## The softmax function


The softmax function can be written as follows, where $i$ indexes an instance in a dataset and there are $K$ output classes. 

$p(y_i = k | x_i) = \frac{\text{exp}(\text{score}_{i, k})}{\sum_{k'}^K \text{exp}(\text{score}_{i,{k^\prime}})} $

In this notebook we will learn about the softmax function by implementing it in Python code. This will also help us learn some very fundamental aspects of implementing machine learning algorithms. Concretely we will do the following: 
   - First, we will implement the softmax function using vanilla Python code.
   - Second, we will experiment with implementing the softmax function using vectorized code, and see that it will be much faster.
   - Finally, we will also implement a numerically stable and vectorized version of the softmax. This means that we will code a version of the sofmax function that will be able to handle really big or small inputs (which is common in ML).
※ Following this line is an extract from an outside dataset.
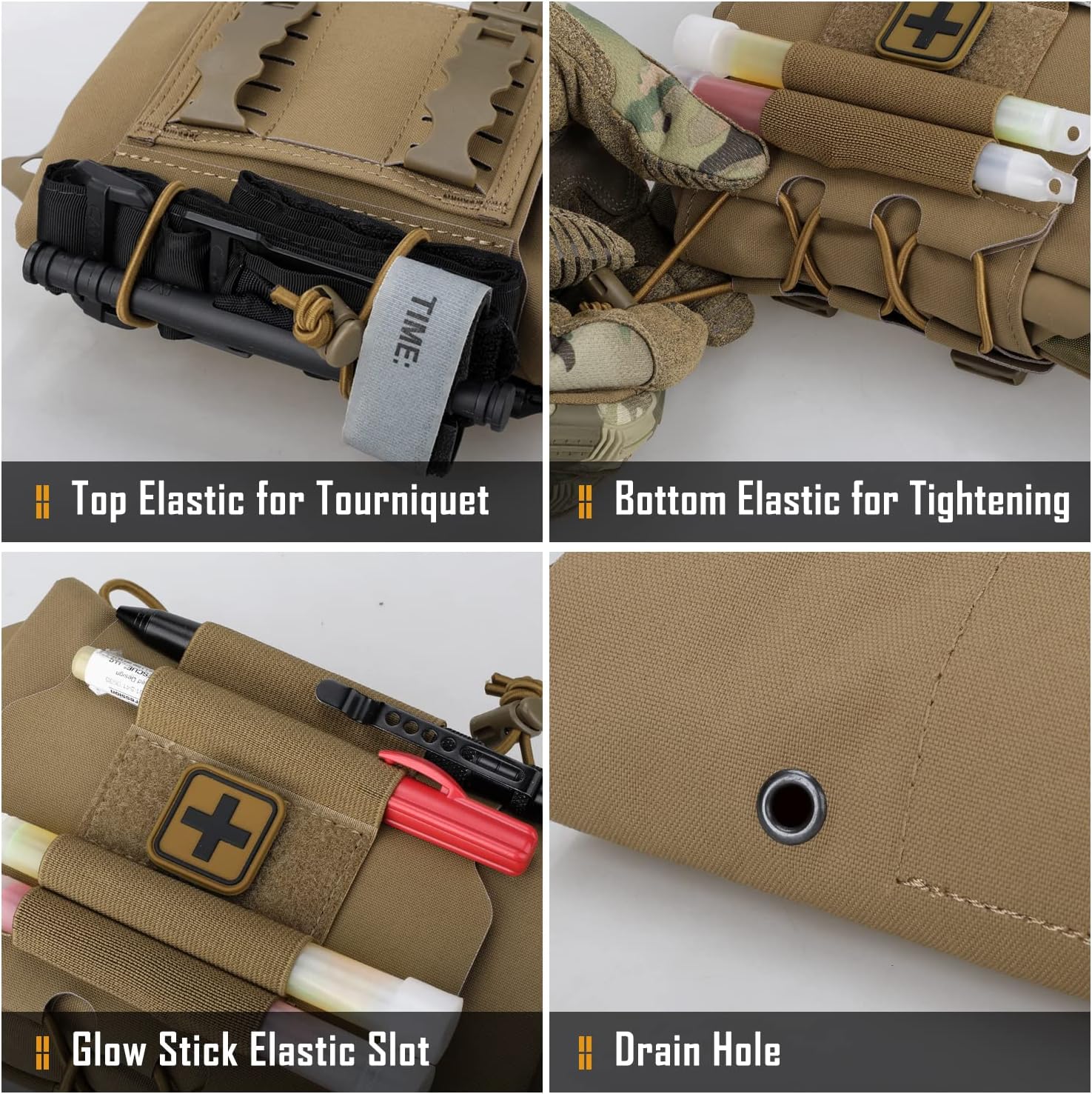 2-IN-1 QUICK DEPLOY DESIGN: IFAK Pouch is divided into a medical roll bag and an insert carrier. Outer roll has 4 elastic loops for glow stick/chem light/markers and some shock cord for a tourniquet. Insert consists of two elastic loops to keep medical essentials secure but visible. Two large compartments towards the bottom also can fit Quikclot bandages, chest seals, or other flatter IFAK supplies.

### Step 1: Thinking through the dimensions of our data

Say we have 2 features and 3 classes. What is the dimensionality of $x_i$? What is the dimensionality of our scores vector? 

In [2]:
import numpy as np

K = 3   # let K be the number of classes
J = 2   # let J be the number of features

W = np.random.rand(K, J)  

x_i = None

scores = None  # scores should be a 1D vector of raw scores, one for each class

### Step 2: Plotting the exp function

- Plot the exp function from -3 to 3. 

- What will happen to the range as the domain gets very big or small?

In [3]:
import pandas as pd
import altair as alt

x = np.linspace(-3, 3, 50)
y = None

### Step 3: Naive softmax

In [22]:
def naive_sofmax(scores):
    '''
    Write a "naive" version of softmax that does not use vectorized operations
    This will be *way* slower than the numpy version, but that is OK
    We are just building intuition before jumping to the vectorized version
    When you don't know how to code something in ML, it can be good to start with a 
    simple version using loops before skipping ahead to the vectorized version
    '''
    numerator = None
    denominator = None

### Step 4: Vectorized code in general

Vectorized operations are much faster. A vectorized operation uses linear algebra packages like numpy to do computation very quickly using highly optimized code. Some implementations may also run vector operations in parallel.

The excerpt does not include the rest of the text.